Exploring biogas potential data of cattle manure and olive cake to gain insight into farm and commercial scale production

Abstract

This article presents raw data of volumetric biogas and its methane composition obtained from anaerobic digestion experiments conducted under lab scale condition. A commercial biogas industry in Trondheim (Norway) developed interest in using olive cake from a Danish farm (Combineering A/S, Birkerød, Denmark) as a substrate for its existing biogas plant. Moreover, local cattle farm owners wanted to evaluate the possibility of investing on a biogas plant using cattle manure generated on their own farmlands. Accordingly, an evaluation of biogas production potential of these substrates was performed and the obtained data in brief are presented.

Specifications table

Subject	Bioenergy
Specific subject area	Biomass for anaerobic digestion.
Type of data	Excel spread sheets, tables and images.
How data were acquired	An electronic balance (Entris 4202–1S, Sartorius, Epsom, UK) for weighing the samples, an in-situ water displacement apparatus for biogas quantitative analysis, a gas chromatograph (SRI instruments, Torrance, USA) for biogas compositional analysis, an oven for drying biomass to determine total solids, a muffle furnace (Nabertherm, Lilienthal, Germany) for biomass combustion in order to evaluate volatile solids, pH litmus papers for measuring pH,and Microsoft excel in a desktop computer for data record and analysis.
Data format	Raw and analyzed.
Parameters for data collection	Biogas volume and composition, total solids, volatile solids and pH.
Description of data collection	The total and volatile solid contents were calculated by using relevant equations in excel spreadsheet based on the sample data at the following processing steps: weighing, drying, weighing, combusting, and weighing again. The produced biogas in the reactor headspace was collected on a water displacement column resulting in reducing the water height equalled to the amount of measured biogas. The manually recorded biogas volume data were transferred to Microsoft excel spread sheets for analysis and to represent in terms of various other units, i.e., specific yield and daily yield. Furthermore, the data for methane and carbon dioxide contents in biogas were obtained from gas chromatography analysis and treated afterwards in excel spreadsheets.
Data source location	Inoculum City: Trondheim (63.75° N, 11.92° E), Region: North Europe/Scandinavia Country: Norway Cattle manure City: Trondheim (63.67° N, 9.49° E), Region: North Europe/Scandinavia Country: Norway Olive cake City: Birkerød (55.83° N, 12.41° E), Region: North Europe/Scandinavia Country: Denmark
Data accessibility	Repository name: Insight on biogas potential data of cattle manure and olive cake for stimulating investigation on farm and commercial scale production. Data identification number: Mendeley dataset, Mendeley Data, V1, doi: 10.17632/s9xttsg25b.1 Direct URL to data: https://data.mendeley.com/datasets/kd3y4d4kkx/draft?a = 0cb67cef-99df-4596–8eef-799cdd1c8a72

Value of the data

• •The presented data are of extreme importance to the local cattle farm owners in performing preliminary assessment to consider for an investment on a biogas plant.

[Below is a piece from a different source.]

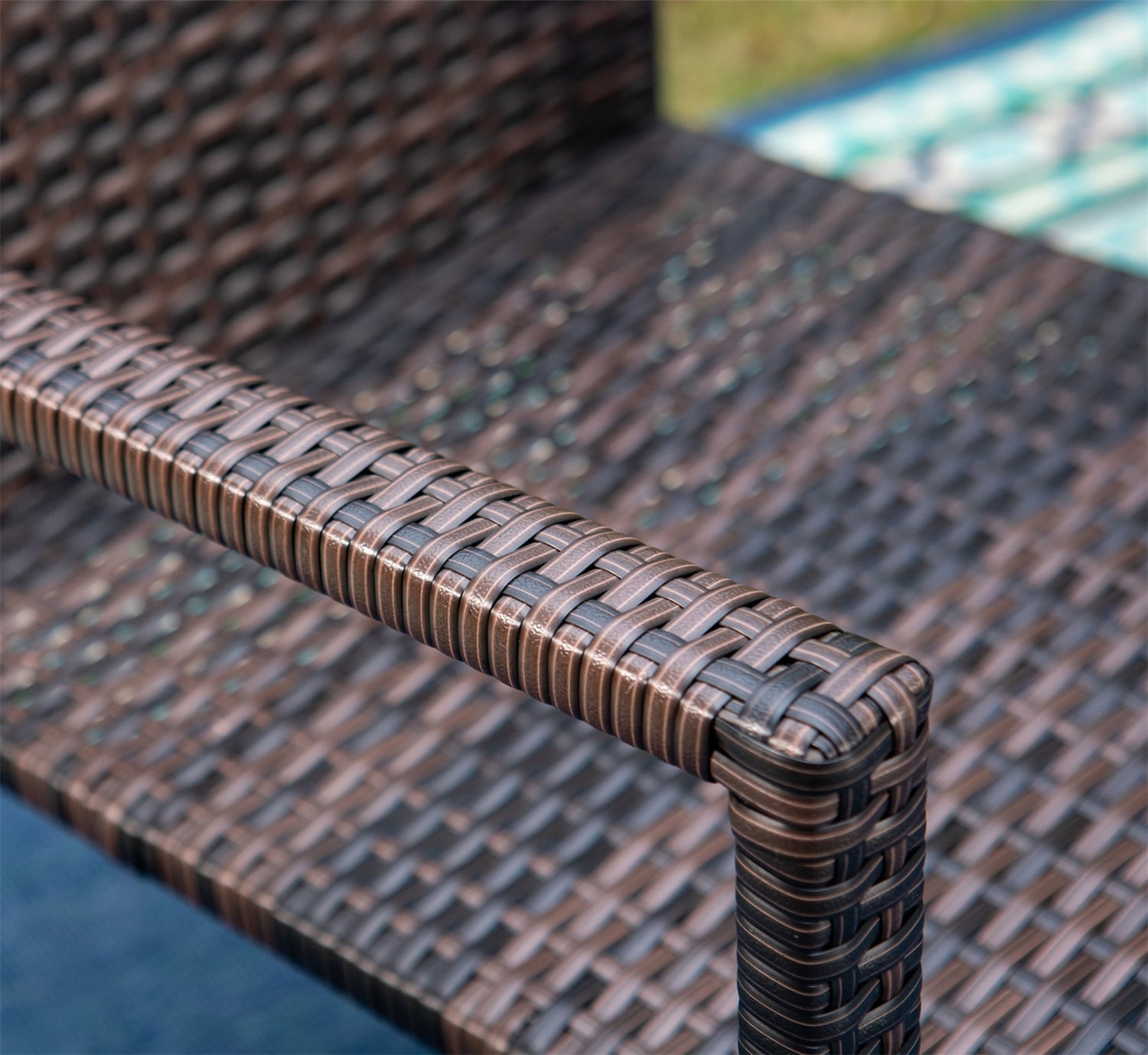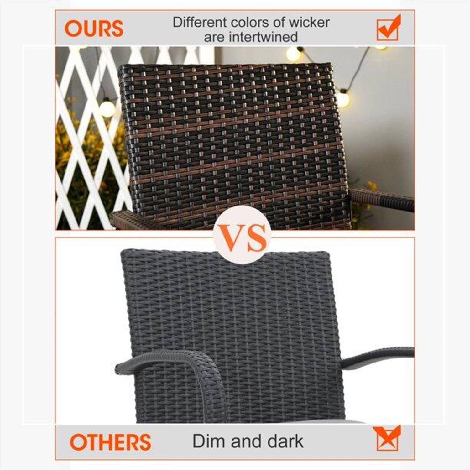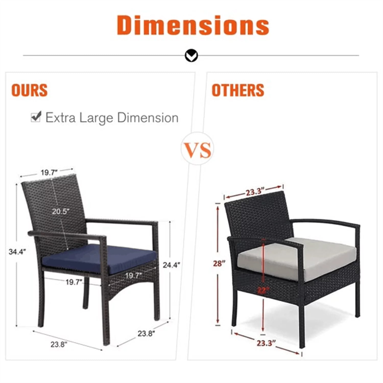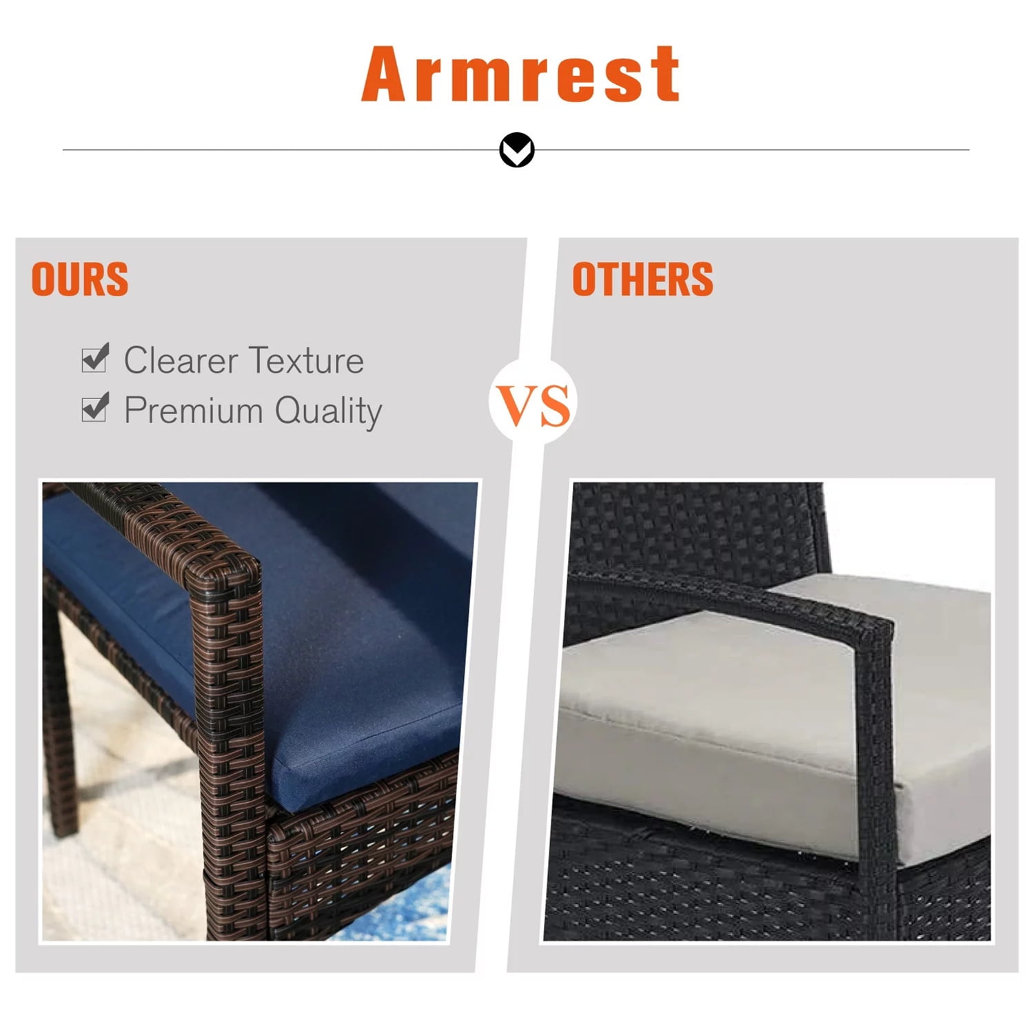 【Premium Material】This outdoor patio dining chair is made of high-quality steel frame with excellent E-coating finish and selective tightly woven PE rattan which offers supportive structure and stands up to outdoor elements for reliable long-lasting strength. 【Appealing Design】This armchair features clean lines, premium resin wicker back, exquisite powder-coated slatted shape and navy blue cushion that is perfect in shape and function which will certainly bring your outdoor decor to the next level. 【Energy&Comfort】This outdoor dining chair is perfect for family outdoor party&dinner. Reclining chair back can make you feel better when you lean back on your chair. The extended arm of our chairs provides you extra space, you can rest your arm on it. 【Durable Fabric】 The seat cushion is fulled with high-density foam for great comfort. Superior fade-resistant 100% polyester fabric for long wear and durability. 【Occasions】This set of 2 outdoor chair goes well with various home styles, perfect for your family/friends gathering, party, dinner, conversation and other activities. 【1 Year Warranty】We offer a guaranteed 1-year warranty, For customer support, questions and concerns, please contact Customer Service at [email protected] or dial our free service line, 877-606-2818. We promise to respond to any customer message within 24h.

Furthermore, the data facilitate in determining the suitability of olive cake as a supplementary material to a commercial anaerobic digestion plant in Norway.
• •Both local community, farm owners, researchers and business stakeholders will be benefitted by accessing the data, as the demonstrated data will allow to make a quick assessment whether or not anaerobic digestion is a convenient option for treating investigated feedstocks to generate renewable biogas.
• •The current data give insights into biogas production potential of locally available cattle manure and olive cake. In order to enable more comprehensive assessment relevant to commercialization of a biogas plant, these data will lay a strong foundation for the calculation of many basic parameters of R&D interest using which more complex analyses such as economic and advanced experimental activities dealing with multiple and sophisticated parameter measurements can be developed.
• •The presented data can be easily interpreted, exchanged and extracted to strip out basic biogas parameters, which allow comparison with similar data generated through a similar or different methodologies in variable contexts, and thus making them as a valuable R&D reference.

1. Data description

The data presented in this paper include biogas potential, methane composition, total solids (dry matter) and volatile solids analyses of cattle manure (CM) and olive cake (Fig. 1a.), which were obtained from a local cattle farm in Norway (Ørland, Trondheim) and a Danish industry (Combineering A/S, Birkerød, Denmark) respectively.

Fig. 1.

Snapshots of some experimental steps: (a) oven-dried olive cake; (b) incubator with a few reactor bottles; and (c) water displacement apparatus for volumetric biogas measurement.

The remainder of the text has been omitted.